Seminar in Comparative Law: Islamic Law
L770 is taught by T. Waters
Interest in Islam has increased considerably in recent years and with it, interest in its legal system, which historically has occupied a central role in Islamic experience. This course is an introduction to Islamic law, focusing expressly on its sources, interpretation, and claims about authority. Familiarity with these sources is important even to contemporary debates that, arguably even more than in other religious traditions, rely upon or resist those sources.
The course offers students the opportunity to encounter a legal system founded on radically different principles and developed in a different historical context than modern civil or common law systems. The course affords perspectives on the nature and operation of legal institutions and on law s purposes and possibilities, while giving students a basic foundation in a system highly relevant to many current debates about politics in a globalizing society.

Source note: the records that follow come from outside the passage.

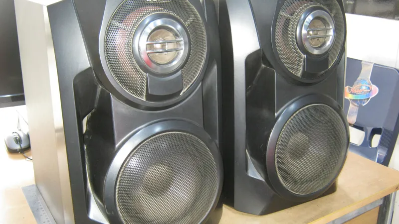 تیوتر ها مقداری پارگی دارد ولی بلند گوی های بزرگ و اصلیش و همچنین ساب سالم و بدون پارگی هست
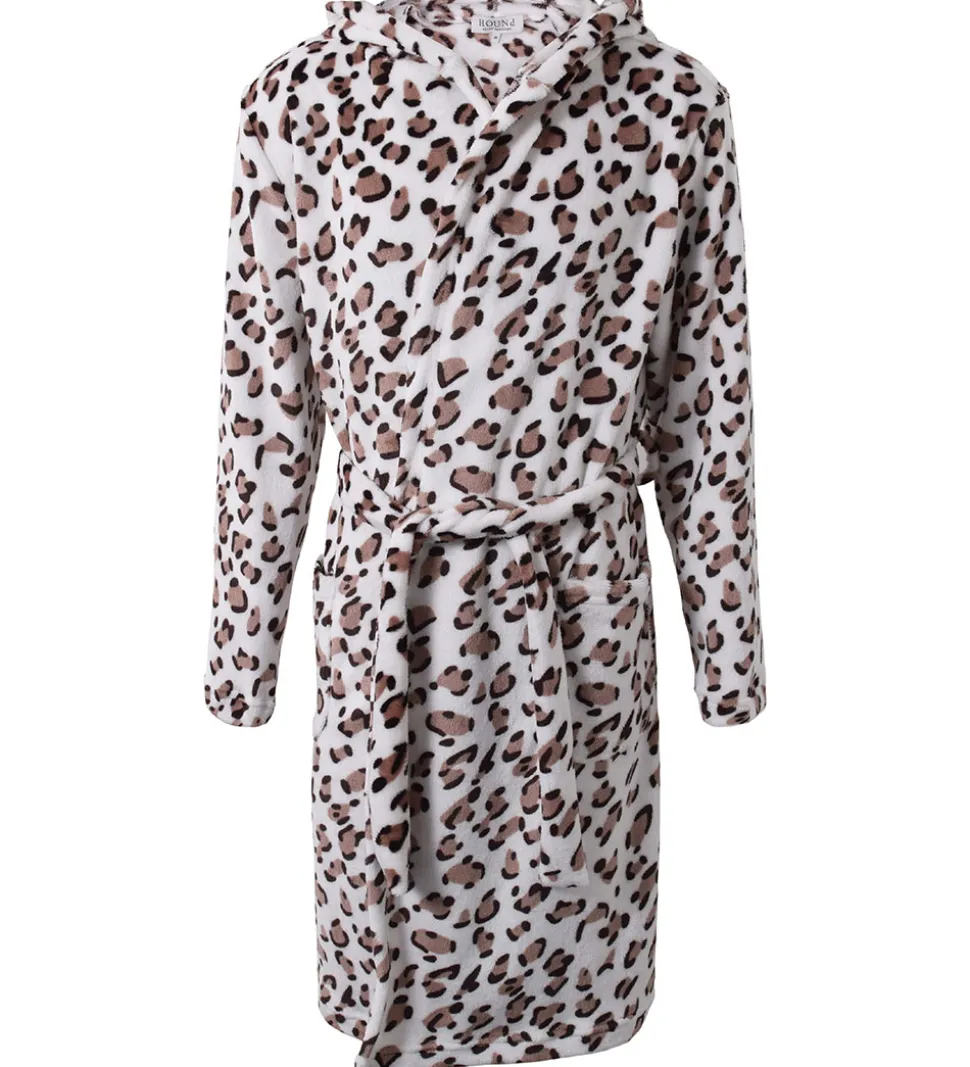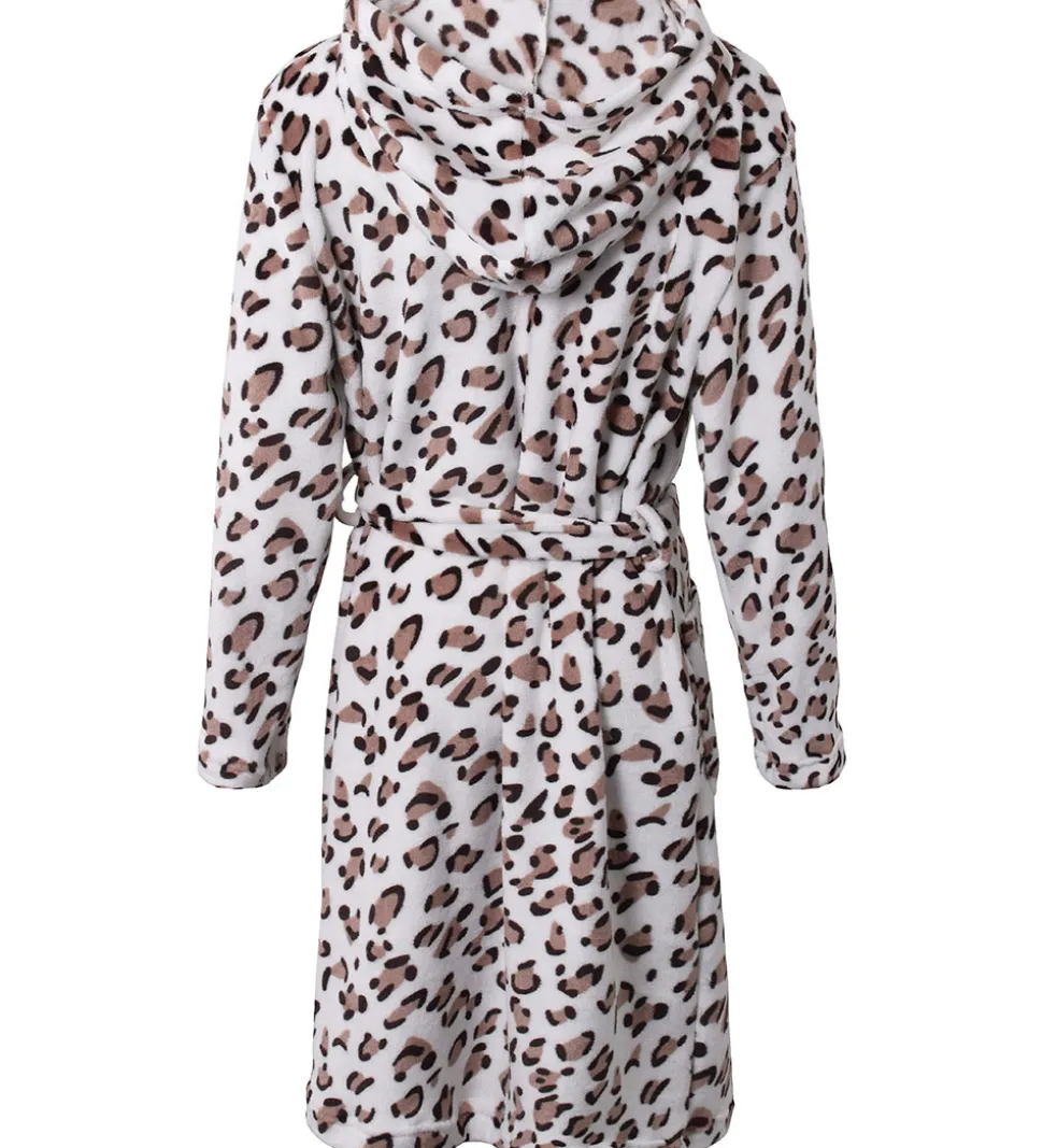 Smart Hound badekåbe i hvid med et leopardmønster i brun og sort. Badekåben er lavet af lækkert fleece.
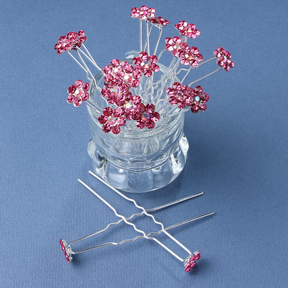Шпильки для волос цветок из страз 12 мм 20 шт ярко-розовые 15/9
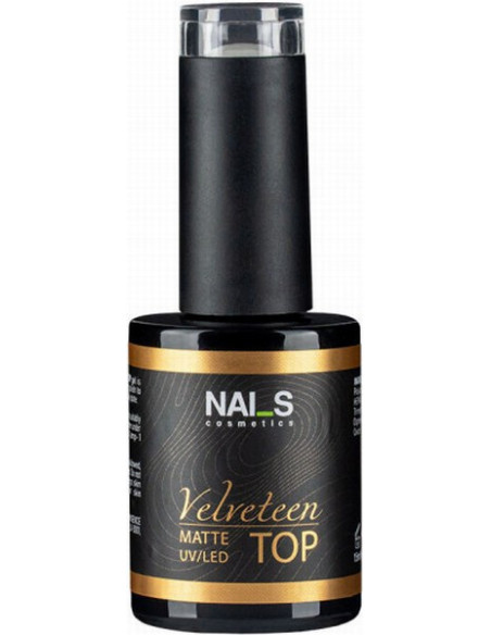Ekstremt fløjlsblød mat top uden et klæbrigt lag. Perfekt dækkeevne og holdbarhed. Ændrer ikke nuancen på gellack/gel, matcher perfekt både lyse og mørke pigmenter. Slides ikke af og forbliver ikke skinnende! Skaller ikke af eller revner! Pletter ikke gellack/gelcoating i andre nuancer. Polymerisationstid: LED - 30 sek., UV - 1 min.
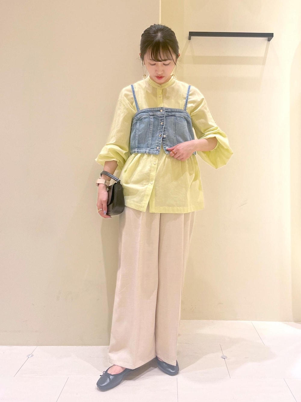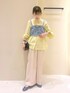 イエローのブラウスが華やかなレイヤードコーデ◎ 体型カバーはもちろん、ビスチェで目線upも狙えます◡̈
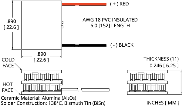 For maximum performance, be sure to orient the CONTROL side of the TEC against the application to be managed and the AMBIENT side against the heat sink or other heat rejection method. The CONTROL side is always opposite the side with lead attachments. Lead attachment is a passive heat loss and less impactful if located on the side that attaches to the heat exchanger.
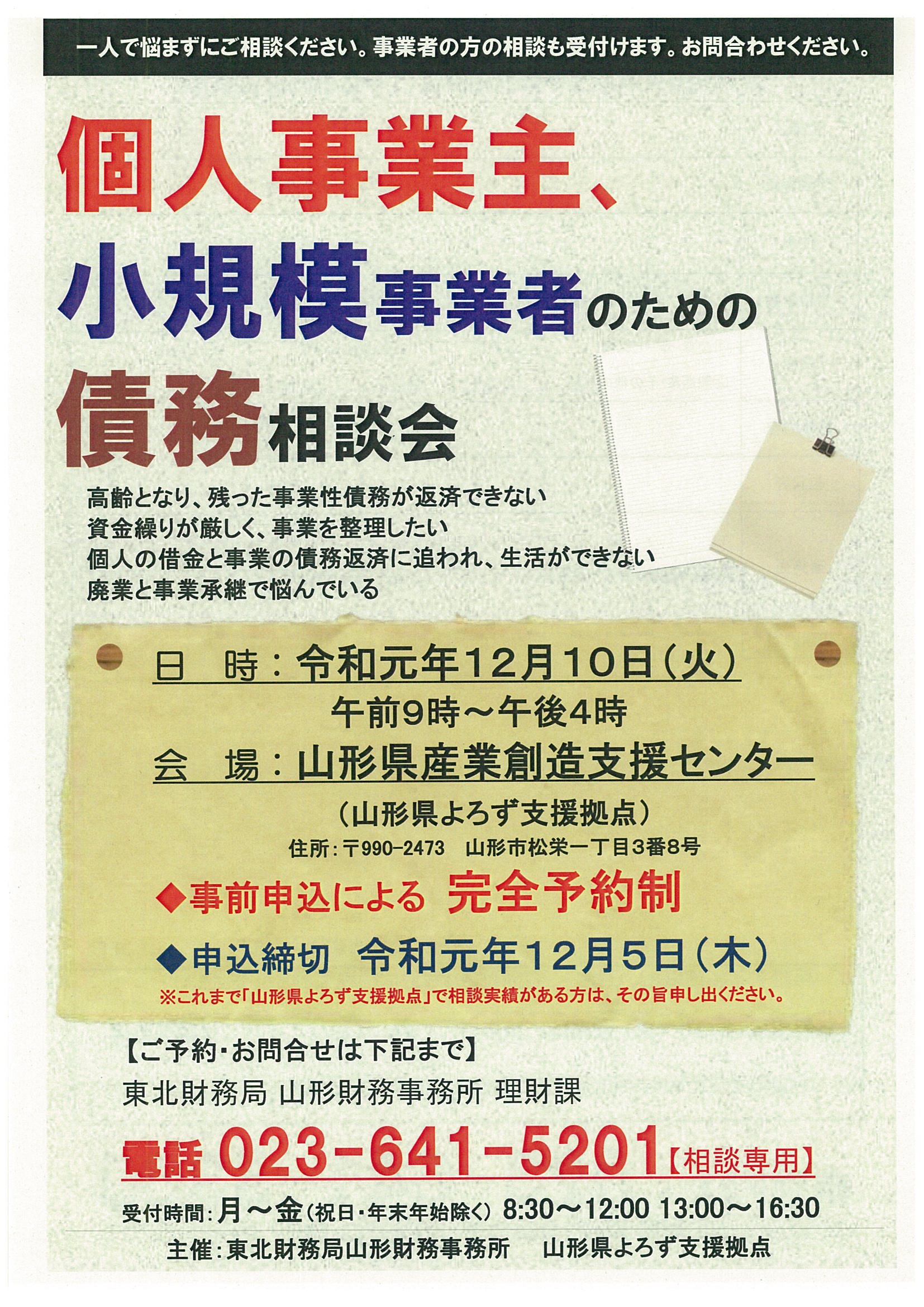 主催:山形商工会議所、(公財)山形県企業振興公社、山形県よろず支援拠点、山形働き方改革推進支援センター
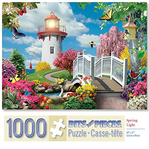 Spring Light is a 1000 piece jigsaw puzzle designed by Alan Giana. It measures 20" x 27" when completed. Since the 16th century, jigsaw puzzles have been a favorite pastime for all ages. Now, with technological advances, Bits And Pieces has taken jigsaw puzzles to a new level of superior quality and challenging fun. Every original Bits And Pieces jigsaw puzzle is made with ultra-heavy weight board and cut with quality random puzzle dies with fully interlocking pieces for a secure fit. At Bits And pieces, we believe that every truly exceptional jigsaw puzzle starts with the work of a truly exceptional artist. We understand what it takes to make a great puzzle. The kind that challenges rather than frustrates, where each area has depth and detail that unfold into a larger beauty. Bits and Pieces commissions original artwork by artists from around the world to create imaginative artwork that puzzlers like you are looking for in a wide variety of puzzle sizes and styles for any age or ability. We know every puzzler is different, so every Bits And Pieces original puzzle is manufactured in two different piece counts, ranging from 100 pieces to 2000 pieces. We also have an innovative collection of specialty puzzles including glow-in-the-dark puzzles, glitter effects puzzles, unique shaped puzzles and puzzles with oversized pieces.
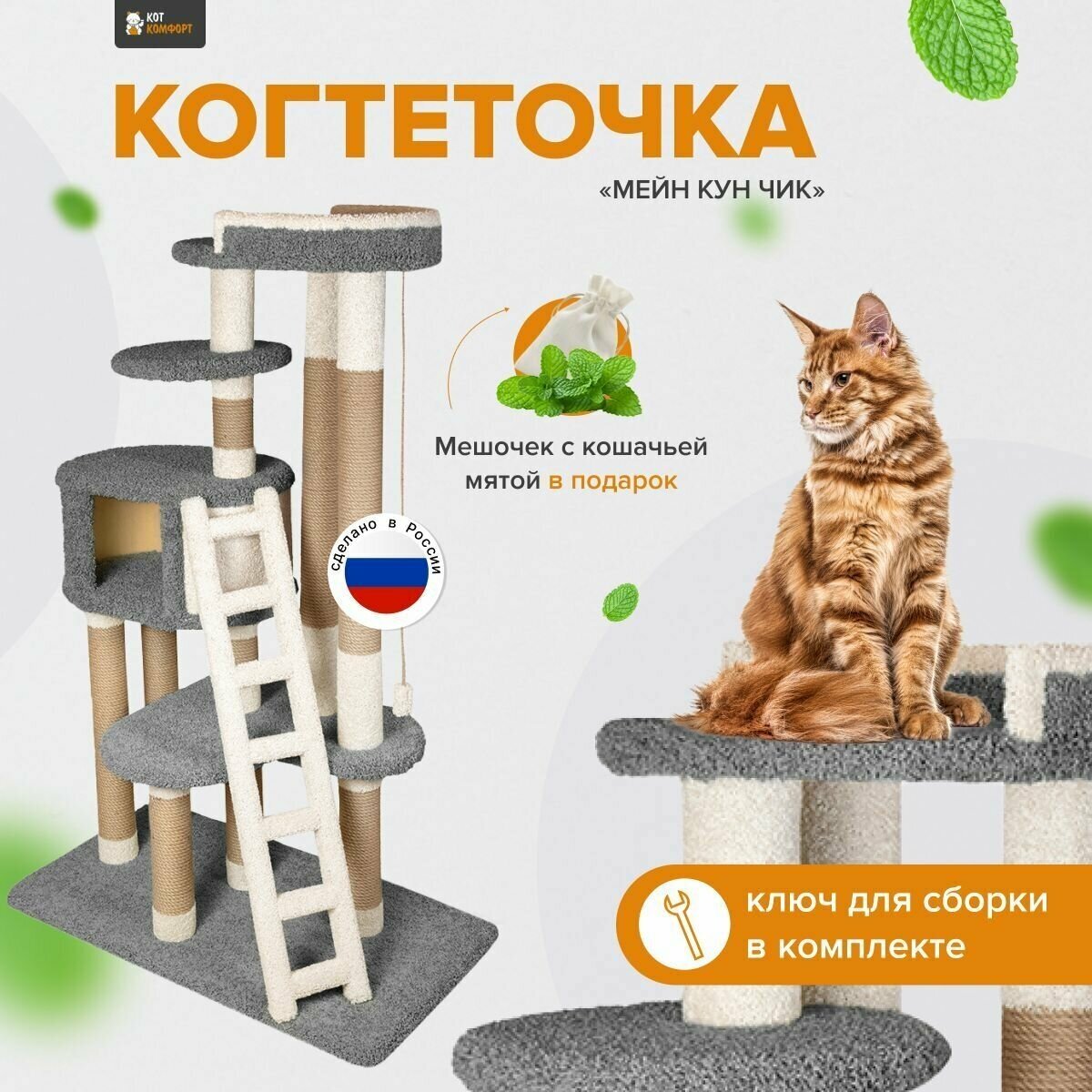 Комплекс для кошек с домиком и лежанкой для кошки когтеточка»Мейн Кун Чик» графит: сравнение цен, характеристики, фото, актуальное наличие и цены.

In the first half, the course examines conceptual and methodological frameworks of Islamic law and their institutional settings. Then, through student presentations, it takes up particular topics of current interest (such as Islamic finance, the Caliphate, or the treatment of women, chosen by the students in consultation with the professor) to see what outcomes these frameworks achieve in contemporary contexts. Throughout the course considers the interaction of Islamic law with secular perspectives, to see how each responds to difference, dialogue and faith in social ordering. Students will be expected to produce a significant research paper and actively participate in seminar discussions.